SSRI’s Faculty Fellows Study Decisions and Behavior by Nancy E. Oates

Imagine you’re stranded on campus armed only with genetic data of Puerto Rican monkeys, knowledge of social interactions among Durham high school students and familiarity with economic theory on networks. What can you make? Here’s what the nine intrepid faculty members of the Social Science Research Institute’s Faculty Fellows Program plan to make: an impact. The scenario has all the makings of a reality TV show. Call it “Decisions and Behavior: From Society to the Brain (and Back).” Scott Huettel, a Duke psychologist and neuroscientist, and Duke economist Rachel Kranton co-lead the group of seven other Duke faculty members specializing in a variety of disciplines: neurobiology, sociology, economics, psychology and law.

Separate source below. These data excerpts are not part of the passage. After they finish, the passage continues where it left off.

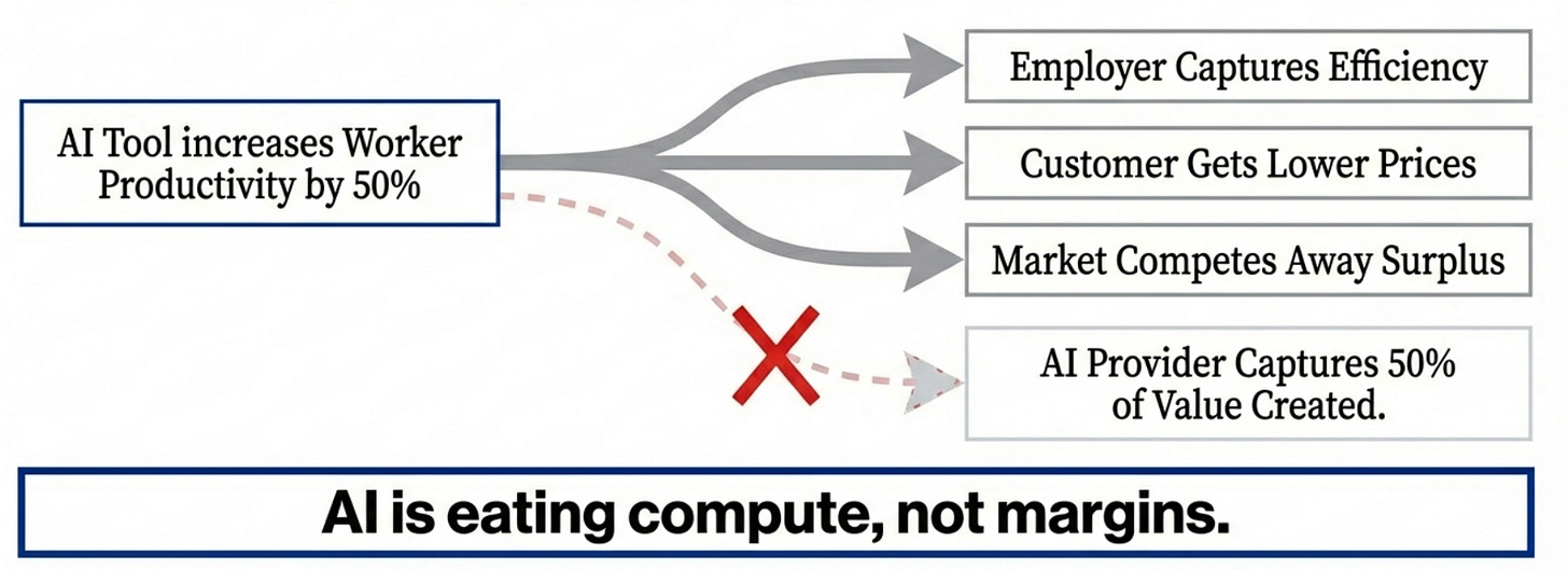 In the SaaS era, software captured the value it created. Customers paid recurring fees for access to tools that locked them in. Unlike the SaaS era where vendors captured value, the economic surplus from AI productivity is diffusing to employers and customers.
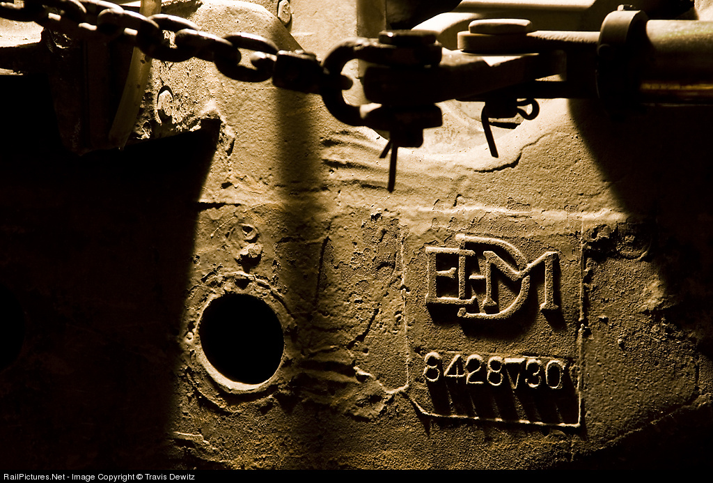 The front truck of this EMD SD40-2 are illuminated by the glow of a single light bulb on this cold night.
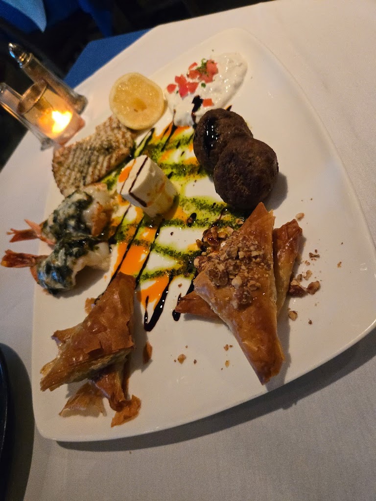 I enjoyed a good, but not great meal. The atmosphere & service were above average, however I felt that there was a drop-off in flavor profiles . Such a wide variety of bites that could really shine if the Greek/Med. seasonings were kicked up a couple of notches.
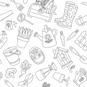 Wzór z narzędzia ogrodnicze, donice, ziół i warzyw.
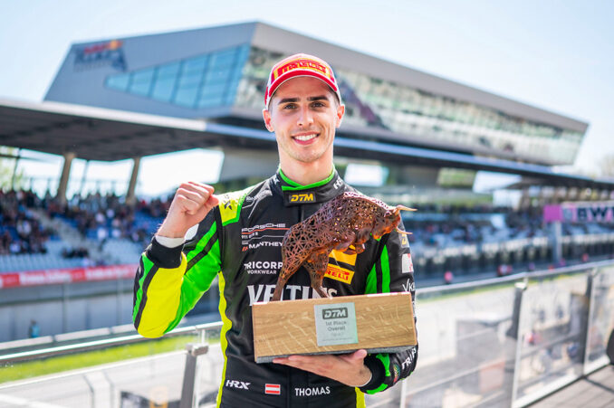 Eine kluge Strategie und starke Nerven waren der Schlüssel zum Erfolg: Thomas Preining (A/Manthey) hat am Samstag nach einer fehlerlosen Vorstellung zum zweiten Mal sein DTM-Heimrennen auf dem Red Bull Ring gewonnen. Beim Auftaktrennen in der Steiermark überquerte der Porsche-Werksfahrer nach 38 Runden als Erster die Ziellinie und feierte damit seinen neunten DTM-Erfolg.
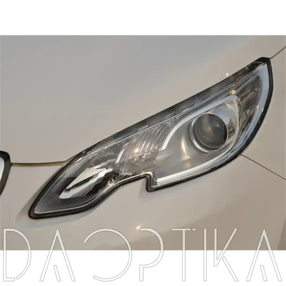 Стекло левой фары из оптического поликарбоната с защитным лаком для замены оригинального стекола фары на Peugeot 2008 2013-2016 1 поколение
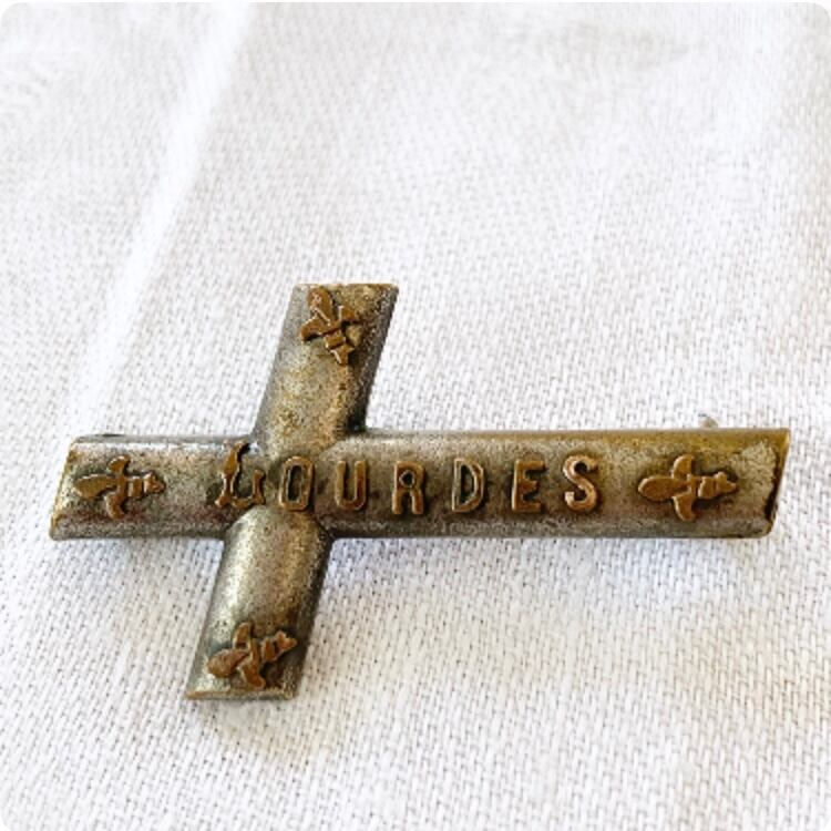 【フランス直輸入】十字架モチーフと百合の紋章 ルルド ヴィンテージブローチ
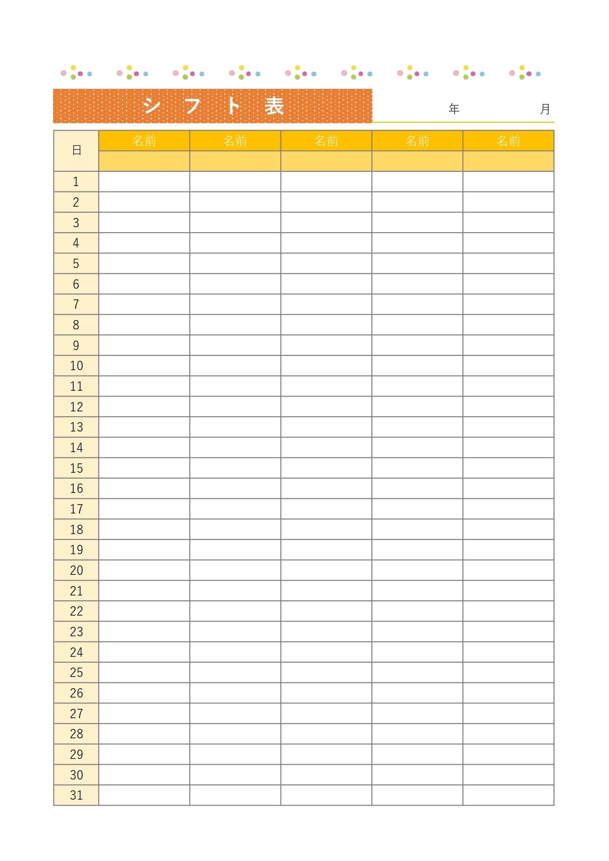 シフト表 1カ月 ・縦・Wordbizocean ビズオーシャン。
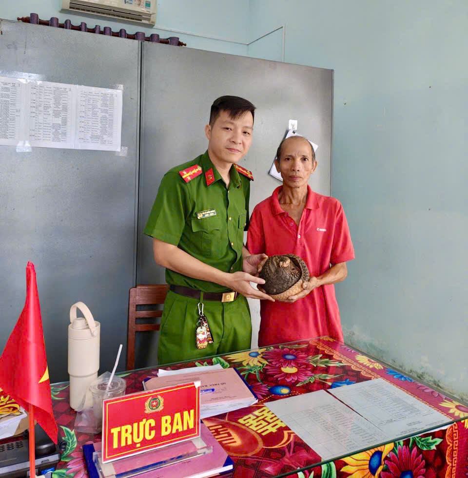 Trước đó, vào khoảng 20h00 ngày 09/10/2025, trong lúc dọn dẹp nhà, ông Vinh phát hiện 01 cá thể tê tê bò vào sân. Nhận thức được đây là loài động vật rừng nguy cấp, quý, hiếm nên ông đã giữ lại và mang đến Công an phường giao nộp.
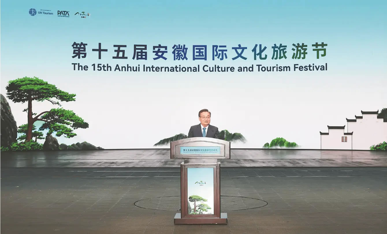 梁言順首先代表省委、省政府向各位嘉賓表示歡迎和感謝。他說,安徽山清水秀、歷史悠久,文化底蘊(yùn)深厚,每一寸土地、每一片山水,都展現(xiàn)出迷人的風(fēng)光、蘊(yùn)藏著動(dòng)人的故事,山水之韻同人文之勝相得益彰、交相輝映。近年來,我們?nèi)媛鋵?shí)“發(fā)展全域旅游,把文化旅游業(yè)打造成為支柱產(chǎn)業(yè)”的重要指示,堅(jiān)持以文塑旅、以旅彰文,持續(xù)做好“百業(yè)+文旅”“文旅+百業(yè)”大文章,“美好安徽 迎客天下”的金字招牌擦得更亮。當(dāng)前,安徽正處在夯實(shí)基礎(chǔ)、全面發(fā)力、創(chuàng)先爭(zhēng)優(yōu)、跨越趕超的關(guān)鍵時(shí)期。我們將深入學(xué)習(xí)貫徹黨的二十屆四中全會(huì)精神,持續(xù)完善政策保障體系,推動(dòng)文化和旅游業(yè)態(tài)融合、產(chǎn)品融合、市場(chǎng)融合,豐富高品質(zhì)文旅產(chǎn)品供給,打造更多文旅精品,讓海內(nèi)外游客在“詩和遠(yuǎn)方”的雙向奔赴中續(xù)寫新的故事。
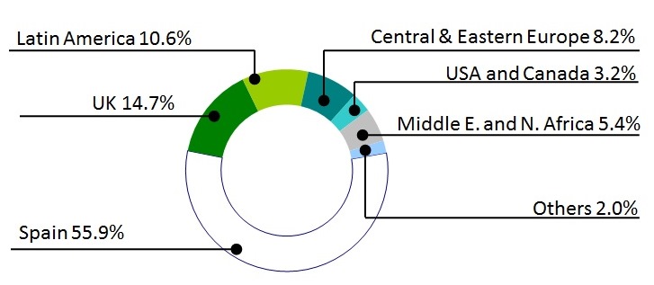 Indeed, the Spanish market accounts for 80% of the drop, and only 20% is due to projects in other countries around the world. On the international front, more selective objectives have been set, focusing on optimising profitability and the generation of cash rather than simply expanding business.
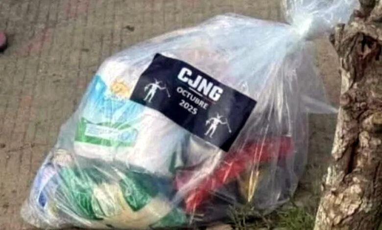 “De parte del Cártel de Jalisco Nueva Generación”, dice uno de los sujetos mientras reparte ayuda marcada con las siglas CJNG.
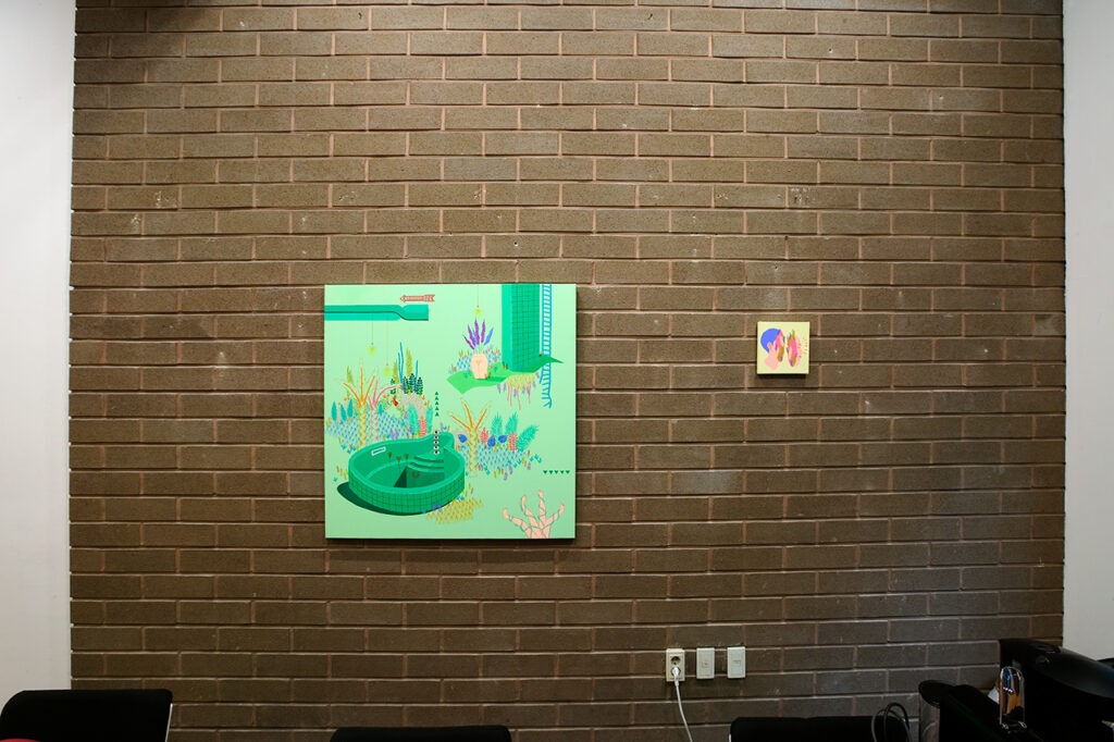 박규석은 어두운 밤에 집으로 향하는 길목에 마주하는 숲에서 그가 느끼는 이미지를 그려낸다. 그 이미지는 판타지에 가깝다. 그림이 보여주는 환상적 실재는 개인의 주관적인 사유를 작품으로 객관화시켜 또 하나의 세계를 만들어내는 시도인 셈이다. 또 다른 회화 작가 박운형은 20대 여성이 마주하는 단조로운 일상의 무력함과 구속감을 자신만의 정원을 그려서 그곳으로 탈주한다. 말하자면 그림 속 정원은 그녀에게 억압된 현실로부터의 디아스포라이다. 윤보경의 작업은 아무도 몰래 혼자 간직하고픈 것들을 서랍장에 숨겨두었던 어린 시절의 기억에서 출발한다. 따라서 그녀의 작업은 가구류가 오브제로 쓰인다. 그 속에 사적인 이야기가 담겨있는 셈이다. 서랍 내부에 담긴 사적인 역사는 과장되게 장식되었으며, 동시에 고풍스러운 감을 전하는 겉모습과 대조되거나 동화되면서 흥미를 이끌어낸다.
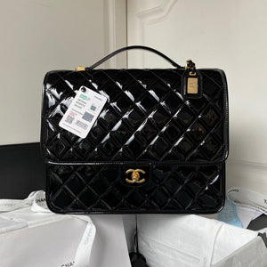 cc large backpack 31cm black patent calfskin gold hardware

The researchers’ goal is to pool their individual expertise to find ways that public policymakers, economists and education researchers can intervene to solve societal problems: apply what we know about biology to social science topics and see how we can use that to make public policy. “The goal is for this to be an incubator for several projects that have the same theme but require integration,” Huettel said. “You have people who might not normally talk to each other—theoretical economists and neuroscientists, say—who are now in the same room discussing different methods to attack these problems.” Last year was the planning year, when Huettel and Kranton selected interested faculty; this year is the working year, when the group will select research projects to pursue; next year will be the implementation year, when the researches will write grants, conduct experiments and collect data. The group has met every Wednesday during this academic year to brainstorm the low-hanging fruit—the projects that the group already

has the skills and resources to accomplish. “The idea is to identify large questions we could realistically tackle and make a significant contribution to,” Kranton said. For instance, one subgroup might look at risk-taking behavior in the form of teenage boys who drink and drive on icy roads at 2 a.m. “We want to figure out why kids do this, who are the kids doing this, what influence they have on other kids, and what recommendations we could make to policymakers and school administrators to intervene to help kids make better decisions,” Kranton said. The group could take the insights from a psychologist about personality traits of people who have strong influence on their peers. A cognitive neuroscientist could contribute information about how the brain processes stimuli, and a neurobiologist about brain maturation. A geneticist could talk about gene-environment interaction, and so on through the group. “This brings together a package of skills: biology, neuroscience, social network analysis, social psychology and economic decision-making,” Kranton said. Once the group identifies three or four problems to work on, members expect to recruit other faculty to contribute their expertise. The nine core members each receive a one-course reduction in workload and must make time for the group’s research projects. “We’re taking time away from what we would typically do in our own research to do this collective research,” Kranton said. “We want to transform our research and move it in new directions.” The participants have found it surprisingly easy to establish a common language and make connections with those in other disciplines, Huettel said. “Our next challenge is to move from the excitement of planning to the hard work of actually getting projects done.”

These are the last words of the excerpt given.